Donald Trump on the warpath ahead of 2020 election
May's comments reflect the damage that Mr Trump may have caused to US-British relations.
President Donald Trump, in his avatar as a politician, has stepped out on to the electoral warpath. America’s leader, best known for his Twitter rants, came out all guns blazing against four Democratic Congresswomen with a vicious racist attack that has already set the tone for a blistering 2020 re-election campaign. Mr Trump isn’t known for any sensitivity on what his tweets may convey to various sections of his country’s ethnically diverse and increasingly foreign-born citizenry.
In directing his ire at four progressive women who are young faces of the Democratic Party, he made his agenda crystal clear. He is appealing once again to white nationalists who may have been the ones to most facilitate his entry into the White House. Two-and-a-half years into his first term, Mr Trump may have reason to feel that he has nothing to worry about the furore he is causing in trumpeting his racist and xenophobic policies.
The call to “Go back to your country” may sound somewhat familiar to us in India where people not considered amenable to the powers that be are often asked to “go to Pakistan”. The trend of a swing to the right of the political firmament became apparent long ago and Mr Trump is aware that his baiting will hit home with the section of the electorate he is aiming at. It might seem incongruous to us that, of the legislators he named, only one was born outside the US and the others are Americans since birth. Alarmingly, very few voices of dissent were heard about the Trump diatribe from among Republicans, except for the moderate Senator Susan Collins. The party knows well that the situation is now different, with a majority of Twitter users following Mr Trump approving of his performance in the White House.

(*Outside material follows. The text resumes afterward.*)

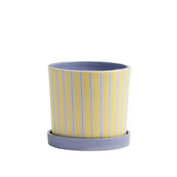 手描きのストライプ柄がユニークで、愛着が湧くデザインのポットです。

Theresa May standing up to Mr Trump may be just an indication of her position as Britain’s PM as she is on the way out. The comments do reflect the damage that Mr Trump may have caused to US-British relations with his vitriolic attacks on the British ambassador to Washington recently. The point is: The world knows what Mr Trump stands for, but it doesn’t matter to him as long as his actions and words please his supporters. It may worry Republicans that his peccadilloes may do little to attract those who are not part of their core base, but they are as helpless as the world is in seeing the viciously divisive campaign now under way.